Risk-Adjusted Performance

1 of 100

 
Weak
 
Strong
Weak
Compared to the overall equity markets, risk-adjusted returns on investments in United Lithium Corp are ranked lower than 1 (%) of all global equities and portfolios over the last 90 days. Despite nearly fragile technical indicators, United Lithium may actually be approaching a critical reversion point that can send shares even higher in December 2024.
Starr Peak Exploration 

Risk-Adjusted Performance

0 of 100

 
Weak
 
Strong
Very Weak
Over the last 90 days Starr Peak Exploration has generated negative risk-adjusted returns adding no value to investors with long positions. Despite nearly stable basic indicators, Starr Peak is not utilizing all of its potentials. The current stock price disturbance, may contribute to mid-run losses for the stockholders.
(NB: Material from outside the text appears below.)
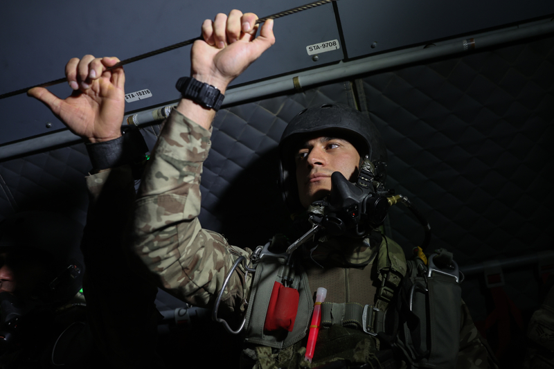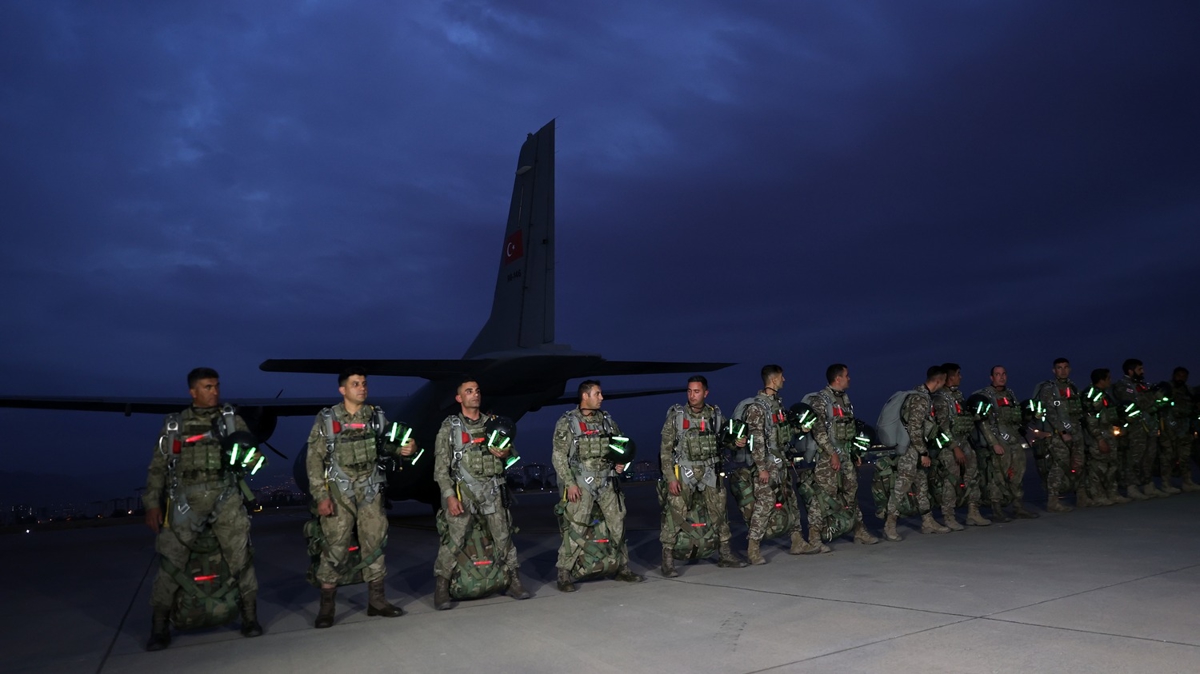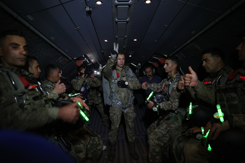 12. Hava Ulaştırma Ana Üs Komutanlığında 18 kişilik komando timi CN-235 CASA tipi uçağa binerek Şehit Teğmen Hasan Bak Atma ve Atlama Sahasına paraşütle iniş yapıp, yarın temsili yapılacak operasyon öncesinde sahanın güvenliğini aldı.

United Lithium and Starr Peak Volatility Contrast

   Predicted Return Density   
       Returns  

Pair Trading with United Lithium and Starr Peak

The main advantage of trading using opposite United Lithium and Starr Peak positions is that it hedges away some unsystematic risk. Because of two separate transactions, even if United Lithium position performs unexpectedly, Starr Peak can make up some of the losses. Pair trading also minimizes risk from directional movements in the market. For example, if an entire industry or sector drops because of unexpected headlines, the short position in Starr Peak will offset losses from the drop in Starr Peak's long position.
The idea behind United Lithium Corp and Starr Peak Exploration pairs trading is to make the combined position market-neutral, meaning the overall market's direction will not affect its win or loss (or potential downside or upside). This can be achieved by designing a pairs trade with two highly correlated stocks or equities that operate in a similar space or sector, making it possible to obtain profits through simple and relatively low-risk investment.
Check out your portfolio center.
Note that this page's information should be used as a complementary analysis to find the right mix of equity instruments to add to your existing portfolios or create a brand new portfolio. You can also try the Pair Correlation module to compare performance and examine fundamental relationship between any two equity instruments.